Thomas Hardy's (1840–1928) novels can be described as regional because of the way he makes use of these elements in relation to a part of the West of England, that he names Wessex. On the other hand, it seems much less appropriate to describe Charles Dickens (1812–1870) as a regional novelist of London and the south of England. John Cowper Powys has been seen as a successor to Thomas Hardy, and Wolf Solent, A Glastonbury Romance (1932), along with Weymouth Sands (1934) and Maiden Castle (1936), are often referred to as his Wessex novels. As with Hardy's novels, the landscape plays a major role in Powys's works, and an elemental philosophy is important in the lives of his characters. Powys's first novel Wood and Stone was dedicated to Thomas Hardy. Maiden Castle, the last of the Wessex novels, is set in Dorchester, Thomas Hardy's Casterbridge, and which he intended to be a "rival" to Hardy's Mayor of Casterbridge. Mary Butts was a modernist novelist who works are also associated with the idea of Wessex. "Like [[John Cowper Powys|[John Cowper] Powys]], she found a key to both personal and national identity by tuning into the deep history of the Dorset landscape [with emphasis on] sacred places and folk traditions".

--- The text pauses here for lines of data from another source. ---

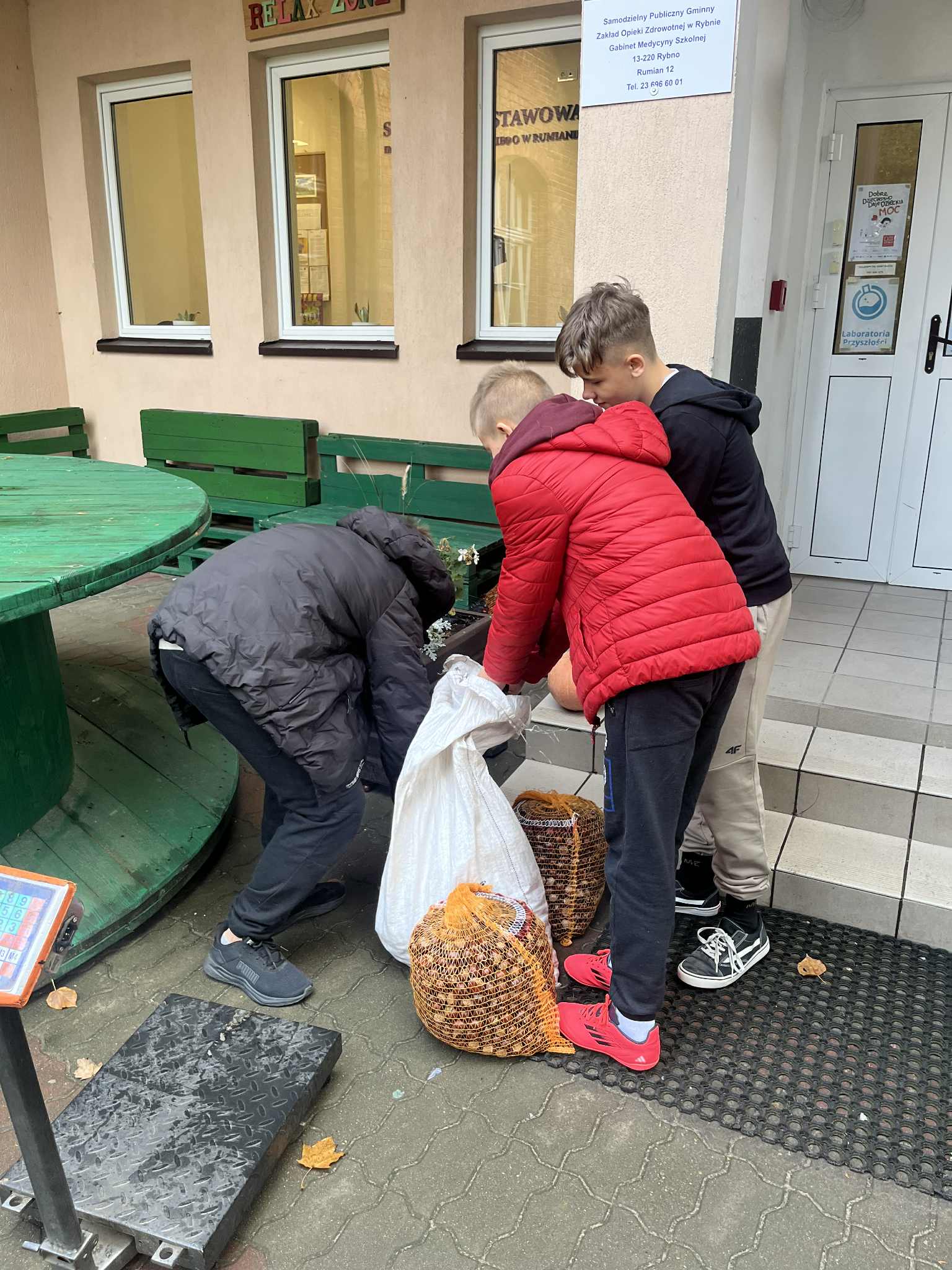 W naszej szkole zakończyła się zbiórka kasztanów, w której jak co roku uczniowie chętnie wzięli udział. Zebrane kasztany zostały zważone i spakowane przez chłopców z klasy VII, którzy wykazali się dużym zaangażowaniem i sprawnością w działaniu i jednocześnie przy tej okazji ćwiczyli swoje matematyczne umiejętności w praktyce. Obliczali masę, porównywali wyniki i sumowali kilogramy.
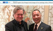 미국에 도피해 중국 지도부의 부패를 폭로하고 있는 중국 부동산 재벌 궈원구이(郭文貴) 정취안(政泉)홀딩스 회장이 스티브 배넌 전 백악관 수석전략가와 최근 1주일 사이 두 차례 만난 뒤 관련 사진을 공개해 배경이 주목된다. 배넌은 8월 물러나기 전까지 도널드 트럼프 미 대통령의 ‘오른팔’로 불렸던 핵심 측근이다. 12일 홍콩 밍(明)보에 따르면 궈 회장은 10일 배넌과 함께 찍은 사진 4장과 함께 회동 사실을 공개했다. 궈 씨는 자신의 트위터에 “5일 워싱턴 내셔널프레스클럽 기자회견 뒤 배넌과 점심을 했고, 10일에는 집으로 찾아온 배넌 일행과 3시간 반 동안 저녁 식사를 했다”고 적었다. 궈 회장은 또 “지난 반년 동안 줄곧 친구를 통해 배넌과 연락했다”고 밝혀 최소 6개월 이상 지속적으로 만나 왔음을 시사했다. 한 트위터 평론가는 “이는 궈 회장의 중국 지도부 비리 폭로에 미 정부가 개입했음을 의미한다”고 분석했다. 트럼프 대통령의 대선 참모였던 로저 스톤은 유튜브 동영상에서 “궈원구이는 미국이 중국으로 하여금 대북 압력을 넣도록 하는 지렛대와 같은 존재”라고 말했다. 미국이 궈 회장이 가진 지도부 비리를 활용해 중국이 대북제재에 동참하도록 했을 것이라는 뜻이다. 이와 관련해 밍보는 궈 회장이 평소 “중국인의 일은 중국인이 해결하는 것이 맞지만 미 정부가 일찌감치 개입하는 것도 좋은 일”이라고 말해 왔다고 전했다. 중국은 시진핑(習近平) 국가주석의 측근인 왕치산(王岐山) 중앙기율검사위원회 서기의 비리 혐의를 폭로한 궈 회장을 4월 인터폴에 요청해 적색 수배령을 내렸으며, 미국 측에도 줄곧 송환을 요구하고 있다. 배넌은 지난달 중국 베이징(北京)을 방문해 중난하이(中南海)에서 왕 서기와 만나 1시 반 동안 대화를 나눴다.구자룡 기자 bonhong@donga.com}
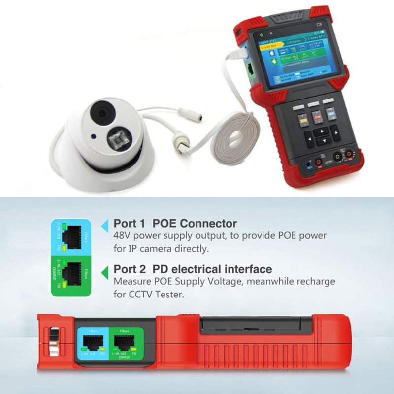 - PoE PD&PSE: PoE PSE-liitäntä, tehonsyöttö IP-kameralle PoE PD-liitäntä (Power Delivery) PoE-jännitteen mittaamiseen ja testerin lataamiseen
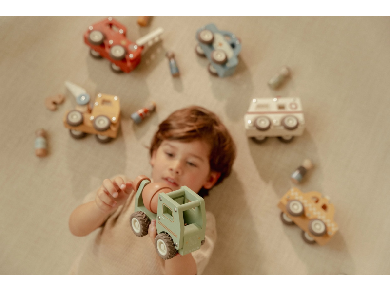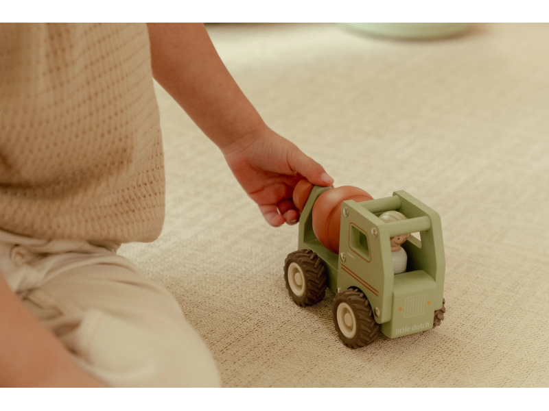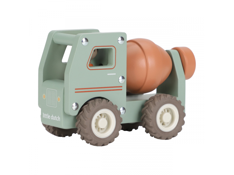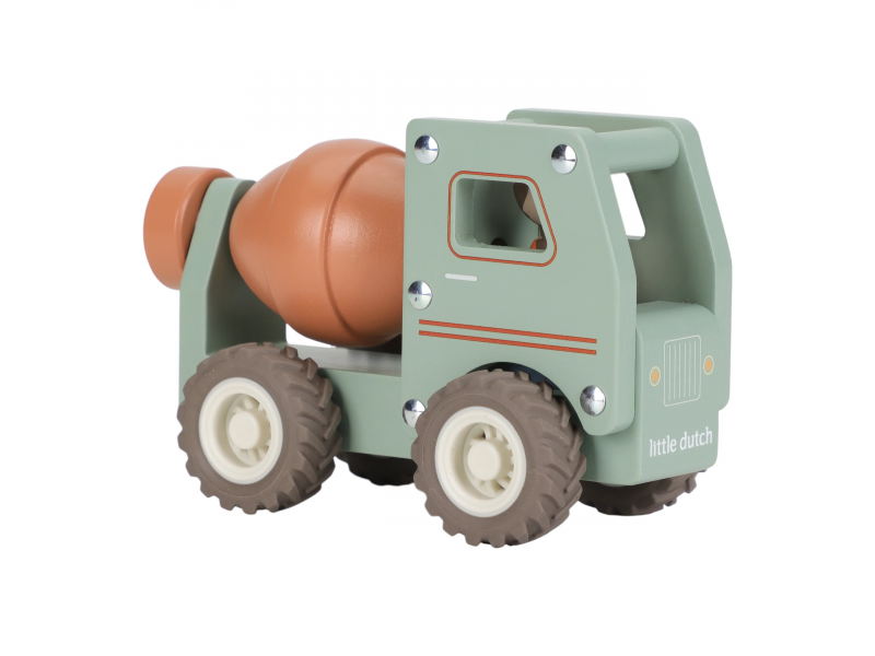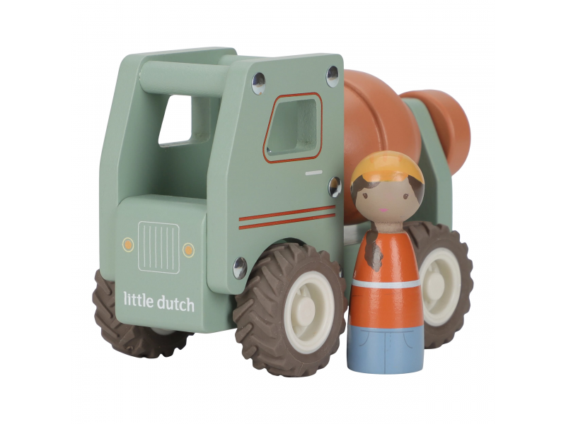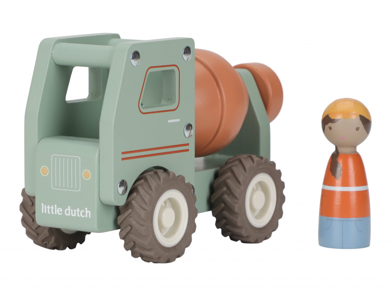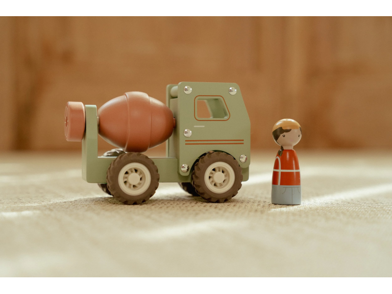 Miešať a stavať! Tento drevený miešač betónu je pripravený na prácu na stavbe. Pri jazde sa bubon miešačky otáča, takže vyzerá ako skutočná. Robustný nákladiak s gumovými pneumatikami zaisťuje hladkú a tichú jazdu. Súčasťou hračky je drevená figúrka stavbyvedúceho.

The regional novel is generally seen as originating with Maria Edgeworth and Walter Scott, but their regions are hardily "comparable to Hardy's Wessex, Blackmore's Exmoor, or Arnold Bennett's potteries, [... because] they are nations."
The term has also been used, in the past, disparagingly, especially with regard to women writers, as a synonym for minor writing.

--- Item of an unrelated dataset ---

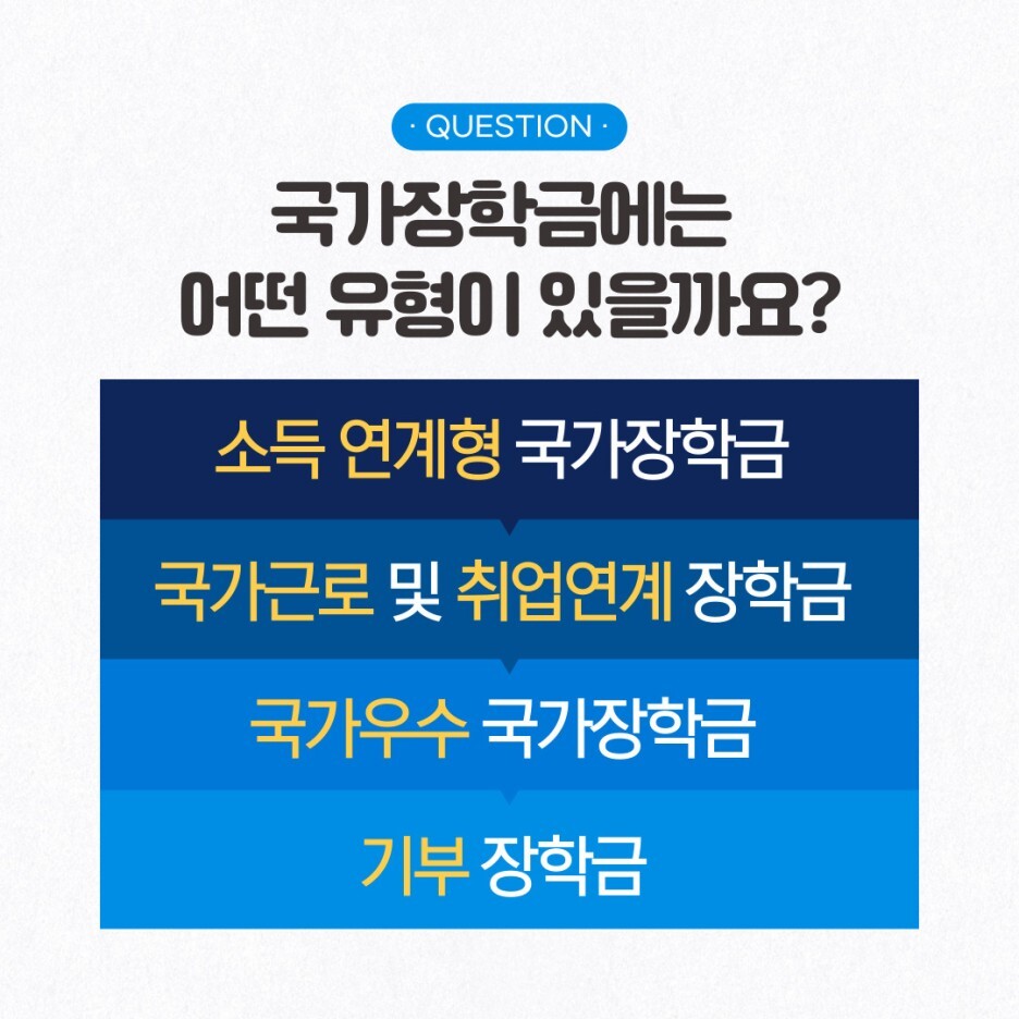 여기서 잠깐! 국가장학금도 정말 다양한 종류가 있다는 사실! 국가장학금은 크게 유형별로 소득연계형 국가장학금, 국가근로 및 취업연계 장학금, 국가우수 장학금, 기부장학금 4가지가 있습니다.

Other writers that have been characterized as regional novelists, are the Brontë sisters from West Yorkshire. In 1904, novelist Virginia Woolf visited their birthplace Haworth and published an account in The Guardian on 21 December. She remarked on the symbiosis between the village and the Brontë sisters. She wrote: "Haworth expresses the Brontës; the Brontës express Haworth; they fit like a snail to its shell".

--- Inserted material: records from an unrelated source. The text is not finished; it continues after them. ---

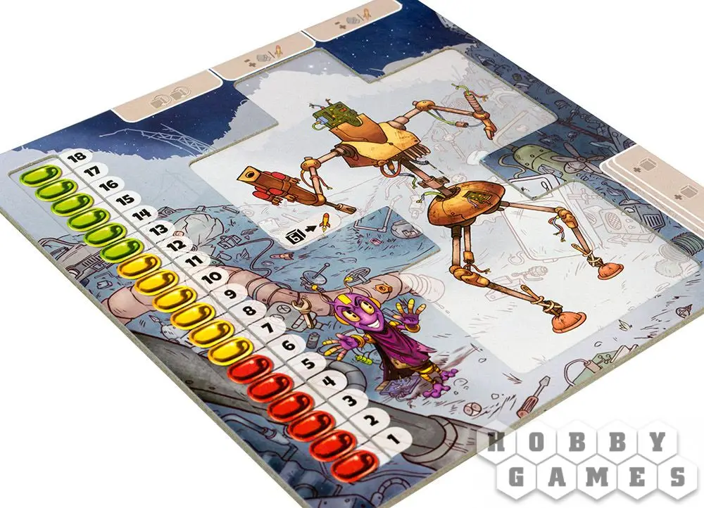 При игре вдвоём каждый участник берёт себе по два планшета роботов, так что в этом случае появляется ещё больше простора для технического прогресса!
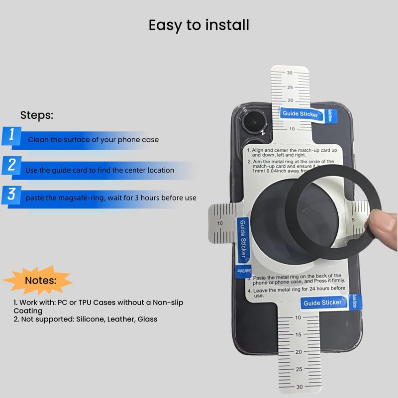 - Installation of the Mag safe sticker requires no professional skills and takes only a few seconds to complete. Tear off the protective film and release paper, paste and use. It is recommended to stick on PC or TPU phone cases without anti-fingerprint coating, it is not compatible with silicone and leather phone cases.
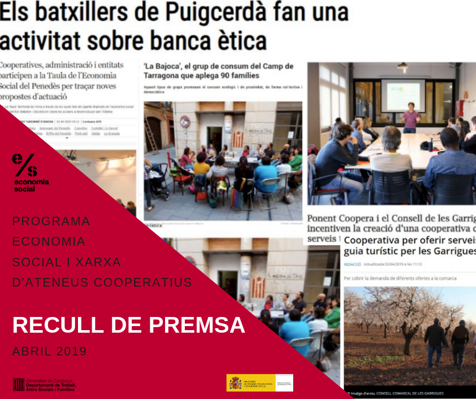 - El Programa d’Economia Social i la Xarxa d’Ateneus Cooperatius ha recollit aquest mes d’abril més de vuitanta impactes a mitjans,
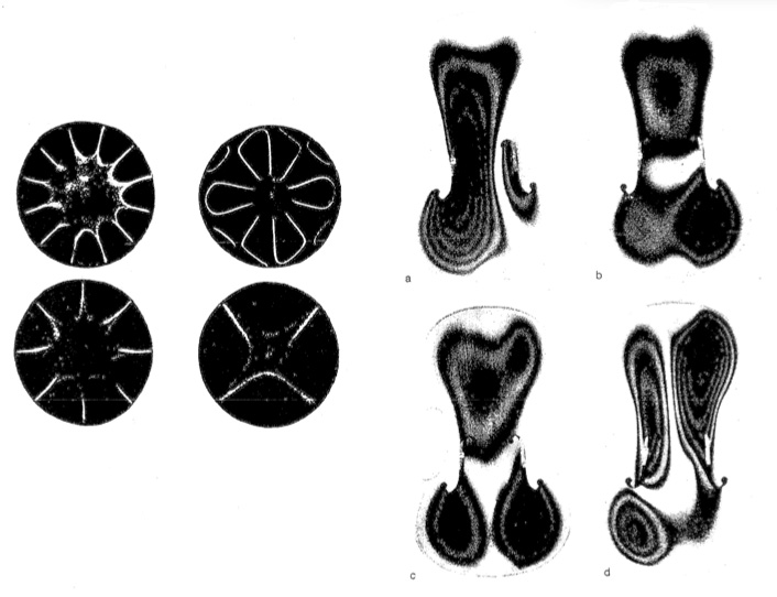 This diagram at left shows some Chladni figures in a circular plate, and at right, dark nodal lines are shown holographically in a violin body. Because of the violin's irregular shape, it exhibits highly complex modes of vibration. This is desirable in an instrument where many pitches need to be resonated, not just a few in the harmonic series, hence the complexity prized in a finely crafted instrument to be complex resonators that provide the rich tone of the instrument.
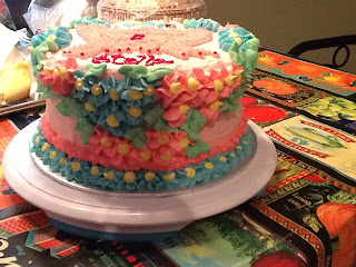 I took a workshop Saturday on building stacked and lifted tier cakes. Lots of good info and techniques. These babies have some weight so it takes engineering to get them up and keep them up! After the lecture we had about two hours to assemble our own terrifying tower of cake. After a frenzy of activity........ta da!
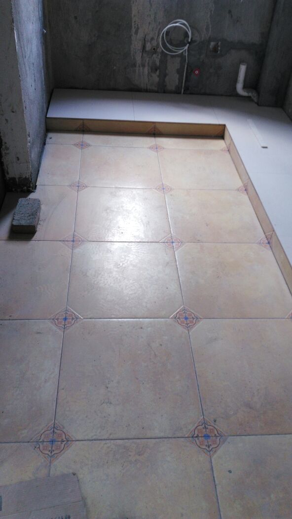 原来想找个靠谱的工人自己就可以不管了,偶尔去看看就行,现在基本天天到房子里报道,昨天爸爸过来了,看了房子当时正在贴砖,厨房考虑到最后还是准备不用整体橱柜,正好找的瓦工自己会用瓷砖扣柜体,真是太合我意了!厨房地砖以贴好了就等着扣柜体了,很多同学估计灰奇怪怎么先铺地,我也奇怪,这样不是再铺墙会很脏,今天去见识了胶泥贴砖真的一点都不脏干干净净的一点溢出来的灰都没有,忘记拍效果了,明天再去拍
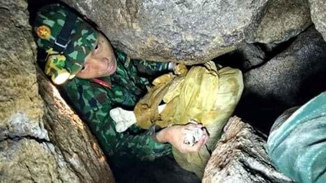 Tổ công tác của BCHQS tỉnh Khánh Hòa luồn sâu trong hang đá để bốc hài cốt liệt sĩ
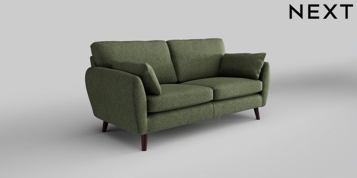 6.12.1 Buy Wilson 3 Seater Small Sofa Boucle Chenille Dark Moss Green Retro Tapered - Dark Brown from the Next UK online shop Click here to use our accessible website
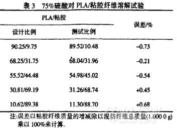 75%硫酸對PLA/粘膠纖維溶解試驗見表1.
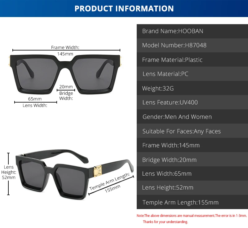 HOOBAN 2023 Square Women Sunglasses Brand Designer Thick Frame Men Sun Glasses Male Shades UV400 Gafas De Sol

Mary Webb (1881–1927), Margiad Evans (1909–1958) and Geraint Goodwin (1903–1942), are associate with the Welsh border region. George Eliot (1801–1886), on the other hand, is particularly associated with the rural English Midlands, whereas Arnold Bennett (1867–1931) is the novelist of the Potteries in Staffordshire, or the "Five Towns", (actually six) that now make-up Stoke-on-Trent. R. D. Blackmore (1825–1900), was one of the most famous English novelists of the second half of the nineteenth century, and he shared with Thomas Hardy a Western England background and a strong sense of regional setting in his works. Noted for his eye for and sympathy with nature, critics of the time described this as one of the most striking features of his writings. He may be said to have done for Devon what Sir Walter Scott did for the Highlands and Hardy for Wessex. However, Blackmore is now remembered for one work, Lorna Doone.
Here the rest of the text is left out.